Here's a Wiki entry that tells the Durgapur story -

http://en.wikipedia.org/wiki/Durgapur#The_decline_and_revival

You know, I'm surprised at your description of the smokestacks. You must have seen the Durgapur Steel Plant, which is visible from the train. DSP never stopped production, though productivity did decline in the early 80s.

That by the way is the crux of the decline of Bengal's industry in recent years - obsolete machinery, lack of investment in modernization and R&D, limited local capital and lack of investment from outside the state.

Durgapur presents a very different picture of Bengal's industrialization than Nandigram. It's a more reassuring, optimistic picture, although the environmental challenges worry me immensely.

Oh by the way, Asansol and Durgapur are the two largest towns in Bengal after Calcutta.

V M said...

Conspiracy theory - the colonials and the fascists pay off the Communists using the religious route (ah-ha!!) to create confusion so that "they" can still mess around with us.

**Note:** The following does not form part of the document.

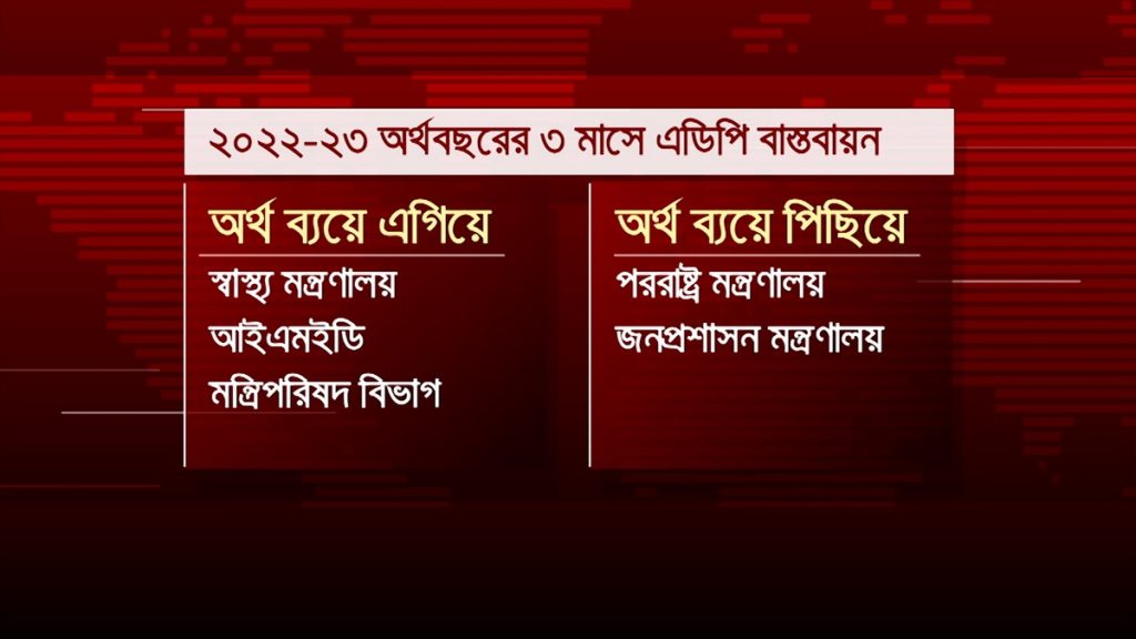 বাস্তবায়ন পরিবীক্ষণ ও মূল্যায়ন বিভাগের তথ্য অনুযায়ী, টাকার হিসেবে গত ৪ বছরের মধ্যে সর্বোচ্চ এডিপি বাস্তবায়ন হয়েছে। চলতি অর্থবছরের প্রথম ৩ মাসে সবচেয়ে এগিয়ে স্বাস্থ্য, শিক্ষা ও পরিবার কল্যাণ বিভাগ। এরপরের অবস্থানে আইএমইডি ও মন্ত্রিপরিষদ বিভাগ। অন্যদিকে, জিওবি এর এক টাকাও খরচ করতে পারেনি পররাষ্ট্র ও জনপ্রশাসন মন্ত্রণালয়।

After all, how difficult is it to imagine that the loss of Corus/Brit Steel could be a cause for a hit-back at the Tatas in the last bastion?

Anyways, I am off to the Sunderbans (as a tourist for the first time, though been there as shippie and as traveller 10 times before . . .) and will report from Behala and points beyond. Have just learnt how to upload photos and old articles so my blog comes back again . .

Anonymous said...

Do you know that 40% of Sunderbans have been lost to water due to global warming.